Some days it feels like I’m dying Each breath dry and lacking anything to sustain me Dehydrated lips trying to remember the taste of your name Upon them. Some days I feel like I’m dying Like my soul has shriveled up And my heart quit and didn’t Hand in its pink slip. Some days it feels like I’m dying The magic in my veins all dried up And gone away with the winds of my Inner turmoil and hatred laced thoughts Of doom, fake love, and bloody dreams too. Some days it feels like I’m just a husk of a human Going through the motions but never Really truly feeling them Violet-blue veins running Down the insides of my arms Visible and stark against the pale Tint of my skin—don’t judge me— I haven’t seen the sun in weeks. Some days I feel like I'm dying Like my insides are going to explode And leave me exposed, wounds gaping Heart racing, begging someone to just...care. Don't worry, it not physical this need To implode, let off steam, and let The world get a taste of the real me. It's all in my mind--I mean-- I guess it's my mind, that's what the doctor Told me when I was nine so it must be mine My fault that is.

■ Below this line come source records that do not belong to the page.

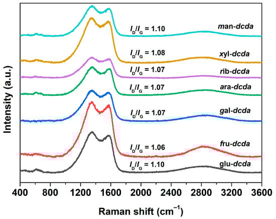 Raman characterization is commonly used to determine the structure of carbon materials. As shown in Figure 5, there are bands at 1350 and 1580 cm−1 for the ms-dcda materials. The former is associated with the non-sp2 carbon defects at the edge or on the basal plane of graphene and termed as the D band, whereas the latter is related to the sp2 carbon of graphene and termed as the G band [44,45]. The intensity ratio of the two bands (ID/IG) reflects the degree of disorder, which fell in the range of 1.06–1.10 for the ms-dcda materials.
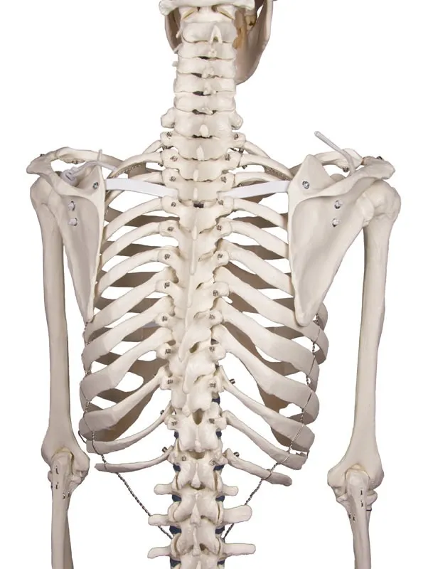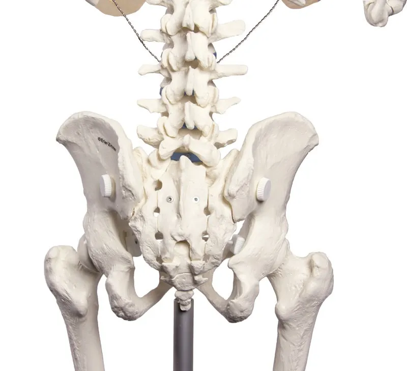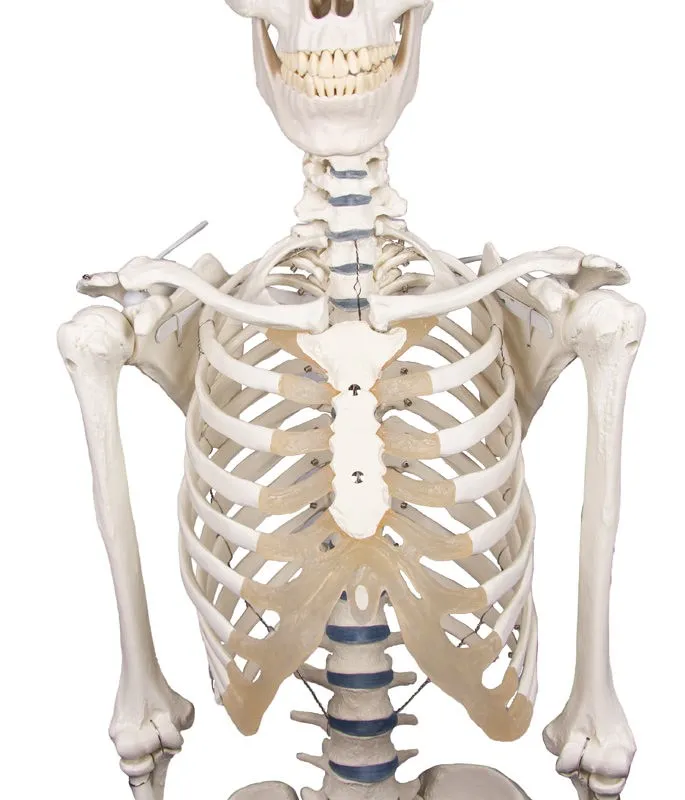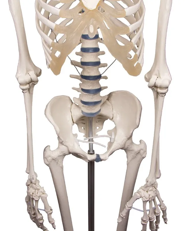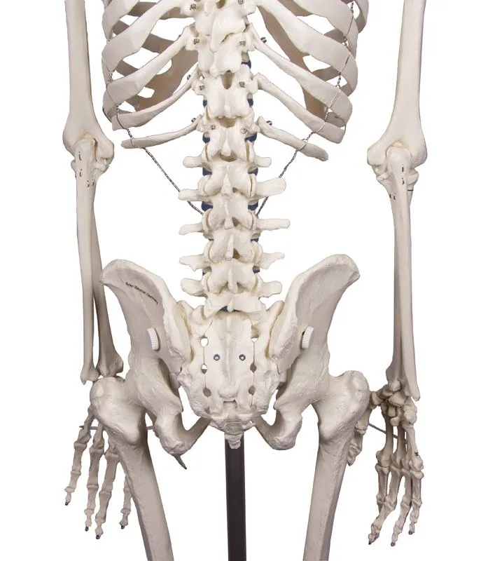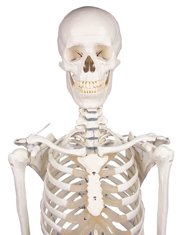 Dieses Modell ist ein Abguss eines natürlichen Skelettes in höchster Qualität und Detailtreue. Das Modell besteht aus widerstandsfähigem Kunststoff und zeigt alle anatomischen Details, Strukturen, Fissuren, Foramina und Processus. Alle Knochen sind einzeln gefertigt und sorgfältig zusammengebaut. Hände und Füße sind flexibel auf Draht montiert. Arme, Beine und der Schädel können leicht abgenommen und zum Teil zerlegt werden. Das 5-strahlige Rollenstativ gibt dem Modell immer sicheren Stand und ermöglicht den einfachen Transport von Raum zu Raum.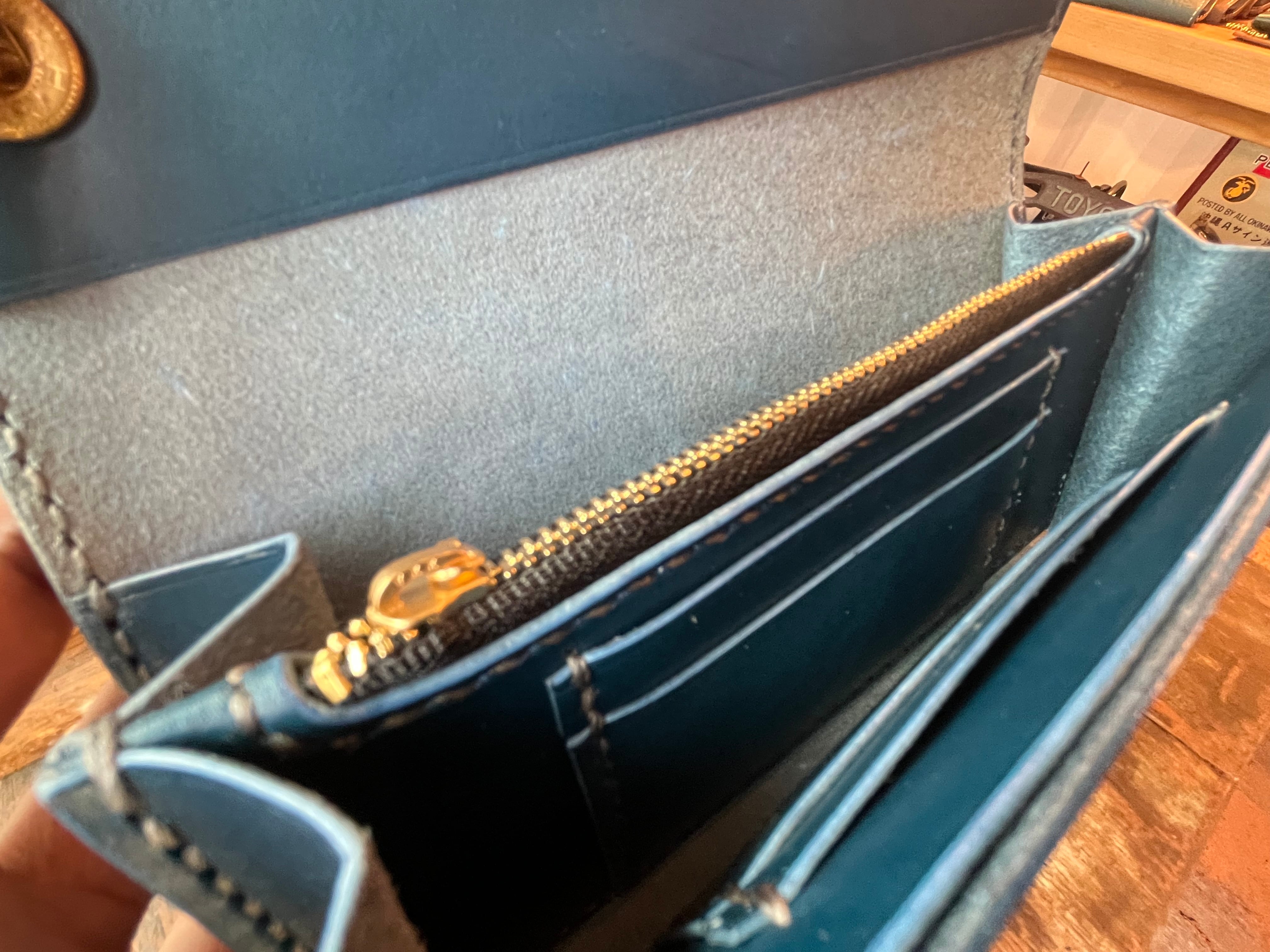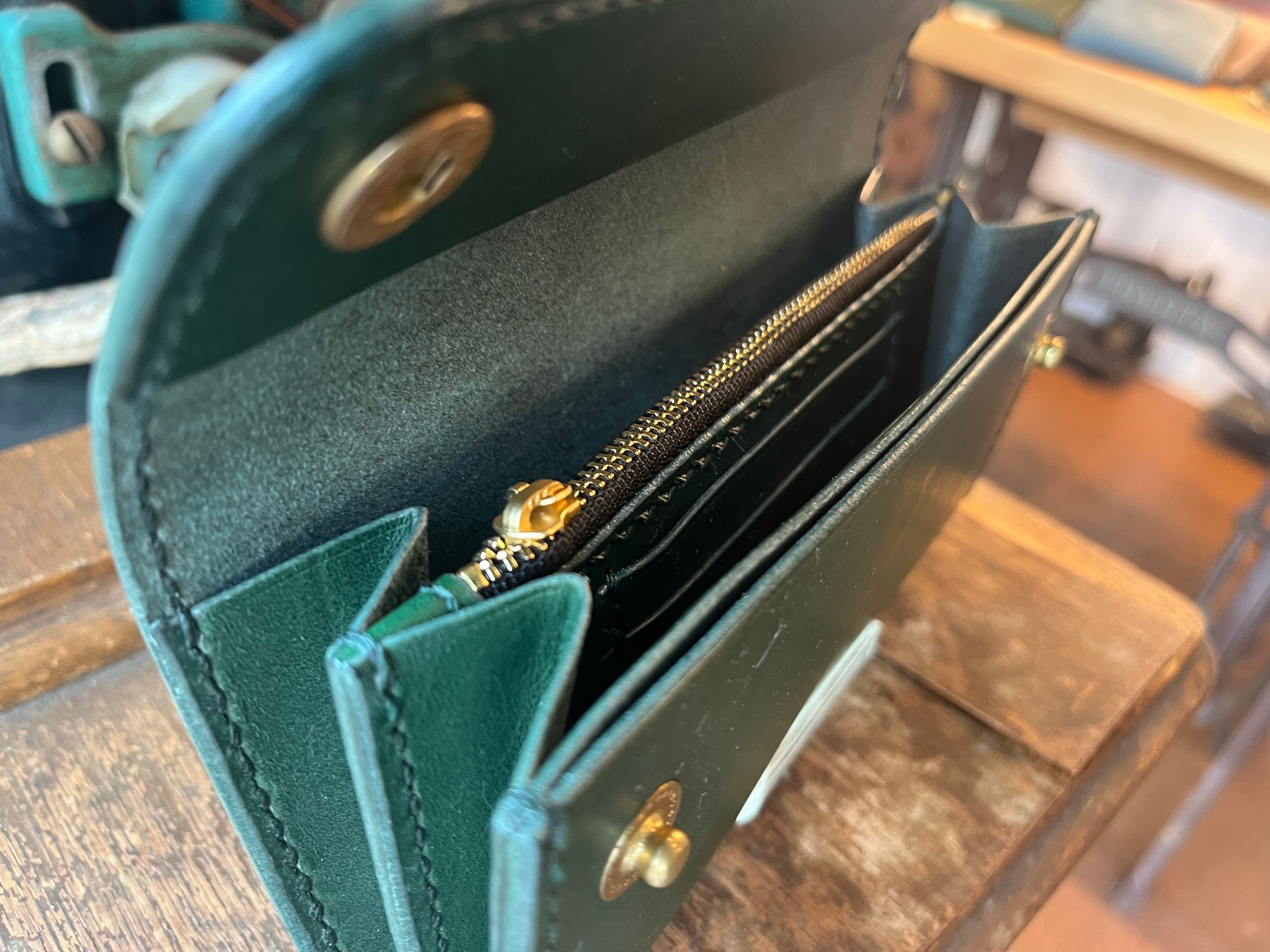 かぶせロングウォレットのミドルサイズが登場。 カードポケットが4箇所と、フリーポケットが3箇所、コインポケットが1箇所とコンパクトで持ちやすいミドルウォレットとなっています。 18×9.5cm 金具真鍮製。

Some days I feel like I'm dying But I haven't died yet so I must still be alive So that must account for something right? Right?
I'm still here Standing on my own two feet A smile bequeathed upon my cheeks Pale with lack of sleep and the need To eat but my stomachs in knots so I just Keep running away from the obvious as Tendrils of black, inky, death furl around my heart
And squeeze and squeeze and-- I'm still standing despite the fact That some days I feel like I'm dying.